2.1 Imbalanced learning

Technically speaking, the data set which exhibits an unequal distribution between its classes can be considered imbalanced (skewed). There are two forms of imbalance, i.e., within-class imbalance and between-class imbalance. For the former, a sub-concepts exist in limited instances, which increase the difficulty of correctly classifying instances. With respect to between-class imbalance, one class extremely out-represents another. Usually, the second form of unequal distribution is discussed incommunity [1].

There are many factors that influence the performance of a capable classifier on data sets with class imbalance, where the skewed data distribution, small sample size, separability and the existence of within-class sub-concepts rank the top 4 [17].

The skewed data distribution is often denoted by imbalance degree which is the ratio of the sample size of the positive class to that of the negative class. Reported studies indicate that a relatively balanced distribution usually attains a better result. However, it cannot be stated explicitly to what imbalance degree the class distribution deteriorates the classification performance, since other factors such as sample size and separability also affect performance.

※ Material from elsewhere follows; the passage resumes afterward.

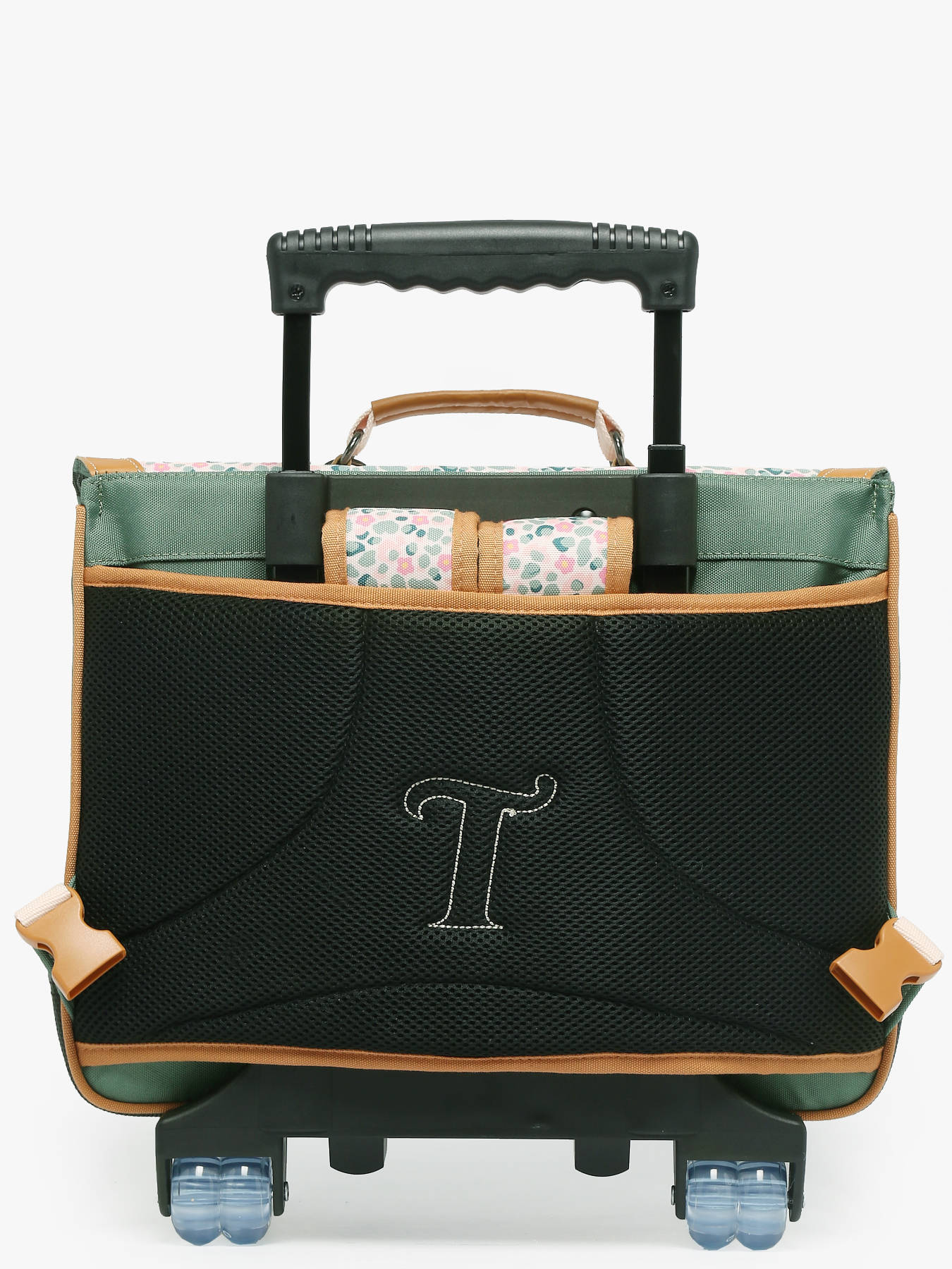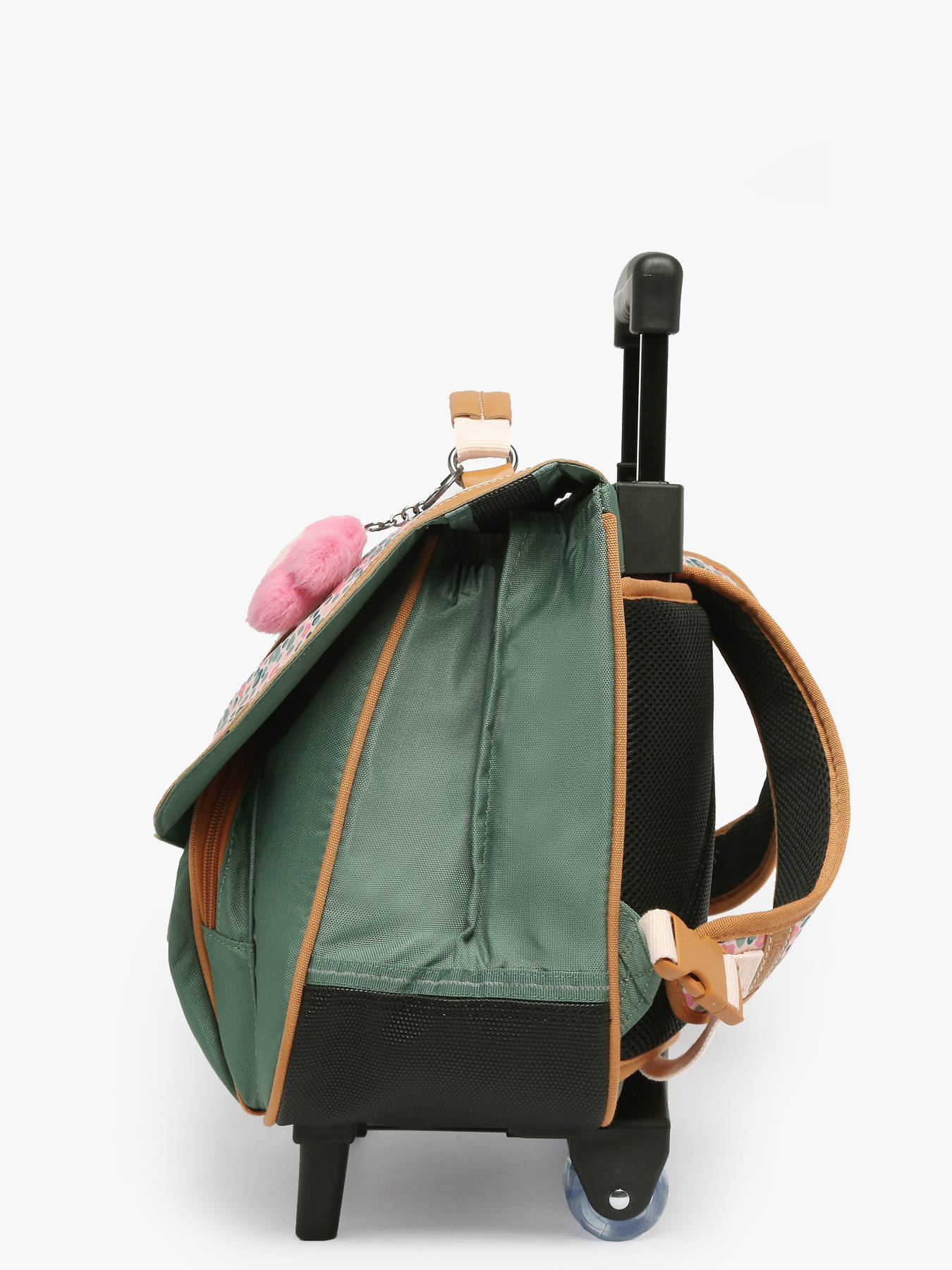 38 cm - 17 liters - 2.1 kg ~ The TANN'S 2 compartment rolling school bag is made from recycled polyester, perfect for girls aged 6 to 8. On the exterior, it features one front pocket and secures with buttons and hooks for optimal safety. Adjustable straps provide a personalized fit, allowing it to be carried by hand, on the back, or rolled for added convenience. Inside, the school bag offers two spacious compartments and one zippered pocket. It can hold an A4 folder (21x29.7 cm), several notebooks of various sizes (17x22 cm, 21x29.7 cm, 24x32 cm), a binder (17x22 cm), an A4 binder (26x32x4 cm). This school bag is ideal for keeping your child's school supplies organized and easily accessible.

Small sample size means the sample size is limited, uncovering regularities inherent in small class is unreliable. In [18], the authors suggest that the imbalanced class distribution may not be a hindrance to classification by providing a large enough data set.

The difficulty in separating the rare class from the prevalent class is the key issue of the imbalanced problem. Assuming that there exist highly discriminative patterns among each class, and then non-sophisticated rules are required to distinguish class objects. However, if patterns among each class are overlapping, discriminative rules are hard to be induced.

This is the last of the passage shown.